As to the question of how he prepared for the role, the physicality and how softly he spoke, Nighy said:

“I can’t really remember, but I’m going to speculate to be sociable. I used to make stuff up, but I’m going to intrigue you with this. I think the preparation was pretty much the same as always, it’s me walking up and down the living room carpet saying the lines over and over and over and over again, until I can give the impression that I’ve never said them before, which is my job. It’s not rocket science, but it’s not nothing either.

“As for the stillness, however, I didn’t consciously think about that… I mean he is somebody who’s been institutionalized in grief, having lost his wife at a very early stage of the marriage, and his personality, his response to the world, everything has formed around that like coral forming around an ocean floor.

“I suppose in terms of the physicality and in terms of the vocal thing, I spoke the first line on the very first day, ’cause you never know and you go, ‘Fucking hell.’ It came and I tried it really quietly, and I thought, “In a minute, the sound man is going to come up and say, ‘Bill, really? We’re going to seven weeks of this?’ but he never came near me, so I just kept going.”

(Mr. Ishiguro said the reason Nighy couldn’t remember these physical details is because he never watches himself on screen.)

As for whether Nighy had seen the Japanese film before he got the script:

“No, I hadn’t seen the Kurosawa, I’ve never seen the films you’re supposed to see. It’s like if you say, “What’s your favorite film?” I know you’re supposed to say ‘Metropolis.’ I’ve never seen ‘Metropolis.’ I’ve seen all the ‘Die Hard’ movies and everything with Adam Sandler, and a lot of sports movies where it goes into slow motion at the end. Those are supposed to be my guilty pleasure, but you know what? I’m not that guilty about it, but no, I haven’t seen it.”

A few minutes later Nighy admitted he had seen the Kurosawa film.

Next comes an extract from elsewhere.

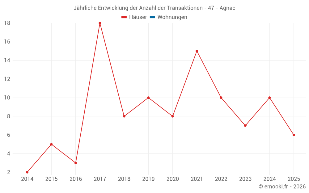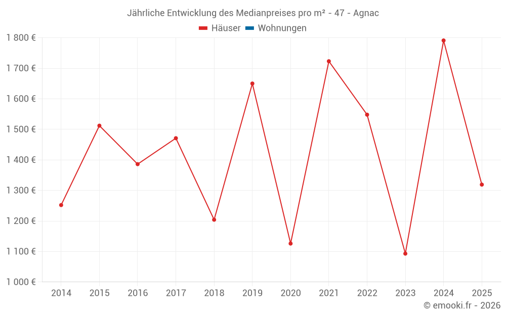 Der Durchschnittspreis auf den 19 Hausgeschäften der letzten 24 Monate in der Gemeinde Agnac betrug 1 596 € pro Quadratmeter für einen mittleren Immobilienwert von 232 500 €. Über diesen Zeitraum hinweg lagen 60% der Transaktionen zwischen 1 068 und 2 087 € pro Quadratmeter (vom 2. bis zum 8. Dezil).
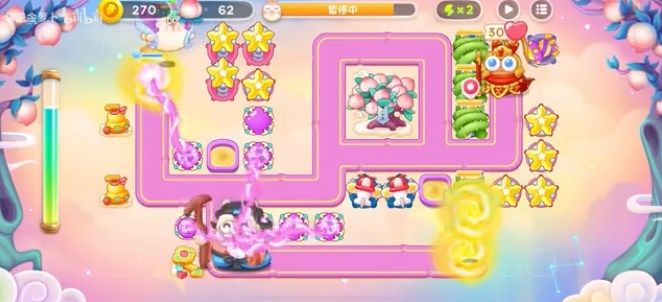 7、根据上面的思路在消灭掉兔子后尽量早点打掉桃树,让桃子早点掉下来,按上面的布局来打,基本上能轻松通过挑战。

“Which was reckless in retrospect, because I don’t know, it could’ve undermined me or something, but it didn’t in fact. I admired it tremendously, and the central performance, I think because it was so different from anything I would imagine myself delivering, that I didn’t feel oppressed by it or daunted by it, and perhaps I should’ve been but I didn’t. I did watch it just once, and then I got superstitious about it… it’s too much information I don’t need and it’s not the film (I’m making)… I’ve never done a film that was an adaptation of a film before or a reimagining of a film before, so it was a unique situation.”

As for the urge to procrastinate and how this movie reminds us to make the most of our time, Nighy said,

“I procrastinate at an Olympic level, where when I die there will be a long list of things I just didn’t quite get ’round to. I get a kind of kick out of it, I get an obviously sort of toxic bang out of it. I actually love not doing stuff, and I’m not even ashamed of it because I do quite a lot of other stuff because people arrange for me to do it… Anyway, I am seriously interested in the way that an individual tendency, a personal tendency of that kind can be expressed in society, and that you have institutions of that size and complexity that are designed simply to prevent stuff from happening, that governments are involved in to a large degree.”